Leave the pictures out and print every record below exactly as it stands.

START Record extracts

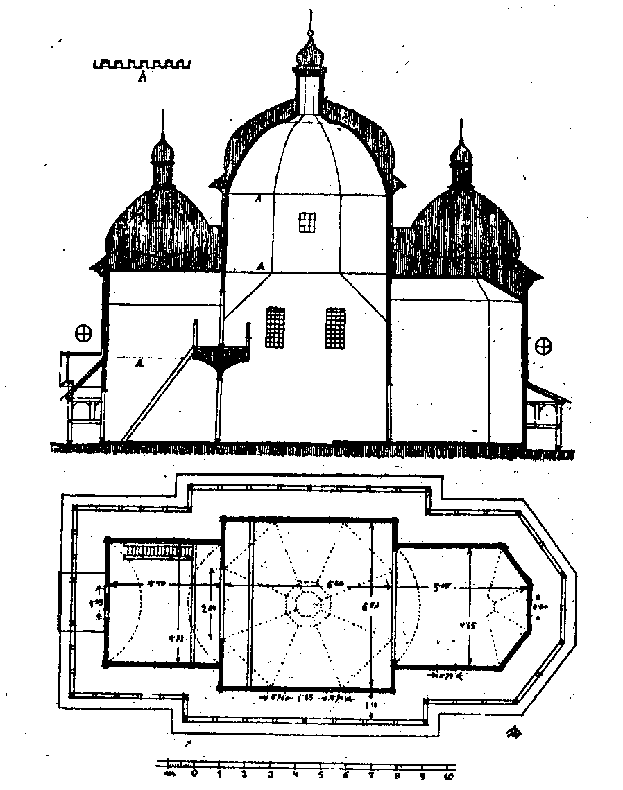 Поздовжній переріз і планРозмір зображення: 898:1140 піксел Джерело: Драган М. Українські деревляні церкви. – Льв.: 1937 р., т. 2, с. 15. |
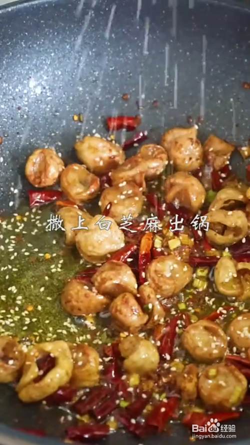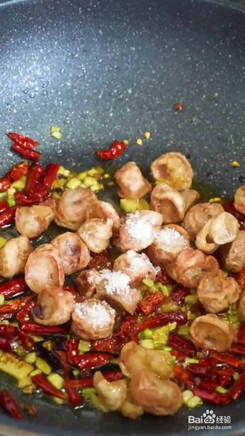 锅留底油,放入葱姜干辣椒花椒炒出香味,倒入炸好的肥肠
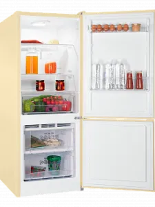 Двухкамерный отдельностоящий холодильник NORDFROST NRB 121 E с нижним расположением морозильной камеры имеет общий объем 240 л.
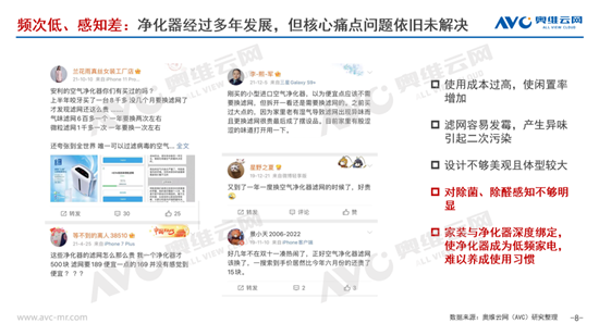 从评论来看,目前净化器仍有很多问题,如使用成本过高,导致废用率提升;滤网容易发霉,产生异味;设计不够美观,占地方等,都影响用户在复购时的决策,但最关键的两个要素,一是消费者感知不够明显,购买因素相对隐性,相对于雾霾导致漫天白雾,影响视野,提醒消费者正在吸入雾霾,甲醛、细菌的存在更不容易被人感知,更难激起消费者对净化器的购买欲望。二是与家装的深度绑定,则导致使用频次过低,在家装过使用一段时间后,就会遭到弃用,难以养成长期的使用习惯。
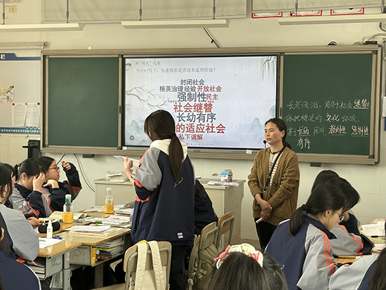 海鹽縣理工學(xué)校朱菱芳老師展示了公開課《走進(jìn)鄉(xiāng)土,追根溯源——“長老統(tǒng)治”閱讀》,她通過新穎的教學(xué)方式、豐富的視頻資源和深入的講解引導(dǎo),使學(xué)生理解了社會繼替、教化權(quán)力和長老統(tǒng)治等概念,并激發(fā)了他們對鄉(xiāng)土文化和社會現(xiàn)象的思考。
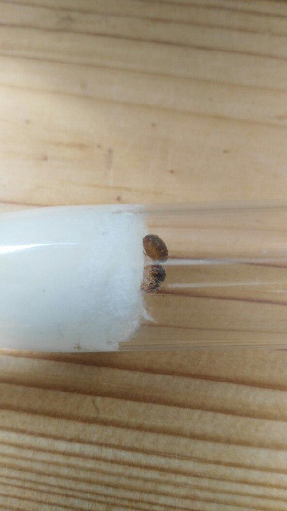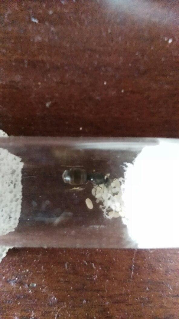 Поехал я значит на дачу, ну и нашёл там 2 матки: myrmica sp., lasius flavus. Но к сожалению матка флавусов на следующие утро умерла((. Решил скормить её тело мирмике рядом с домом. Матку мирмики уже заселил в пробирку, надеюсь что не умрёт. У моих нигеров всё хорошо. Думаю, что на неделе появятся первые рабочие). И вопросик. Я слышал, что к ней нужно

END Record extracts

◆ **Final answer**:
 Поздовжній переріз і планРозмір зображення: 898:1140 піксел Джерело: Драган М. Українські деревляні церкви. – Льв.: 1937 р., т. 2, с. 15. |
 锅留底油,放入葱姜干辣椒花椒炒出香味,倒入炸好的肥肠
 Двухкамерный отдельностоящий холодильник NORDFROST NRB 121 E с нижним расположением морозильной камеры имеет общий объем 240 л.
 从评论来看,目前净化器仍有很多问题,如使用成本过高,导致废用率提升;滤网容易发霉,产生异味;设计不够美观,占地方等,都影响用户在复购时的决策,但最关键的两个要素,一是消费者感知不够明显,购买因素相对隐性,相对于雾霾导致漫天白雾,影响视野,提醒消费者正在吸入雾霾,甲醛、细菌的存在更不容易被人感知,更难激起消费者对净化器的购买欲望。二是与家装的深度绑定,则导致使用频次过低,在家装过使用一段时间后,就会遭到弃用,难以养成长期的使用习惯。
 海鹽縣理工學(xué)校朱菱芳老師展示了公開課《走進(jìn)鄉(xiāng)土,追根溯源——“長老統(tǒng)治”閱讀》,她通過新穎的教學(xué)方式、豐富的視頻資源和深入的講解引導(dǎo),使學(xué)生理解了社會繼替、教化權(quán)力和長老統(tǒng)治等概念,并激發(fā)了他們對鄉(xiāng)土文化和社會現(xiàn)象的思考。
 Поехал я значит на дачу, ну и нашёл там 2 матки: myrmica sp., lasius flavus. Но к сожалению матка флавусов на следующие утро умерла((. Решил скормить её тело мирмике рядом с домом. Матку мирмики уже заселил в пробирку, надеюсь что не умрёт. У моих нигеров всё хорошо. Думаю, что на неделе появятся первые рабочие). И вопросик. Я слышал, что к ней нужно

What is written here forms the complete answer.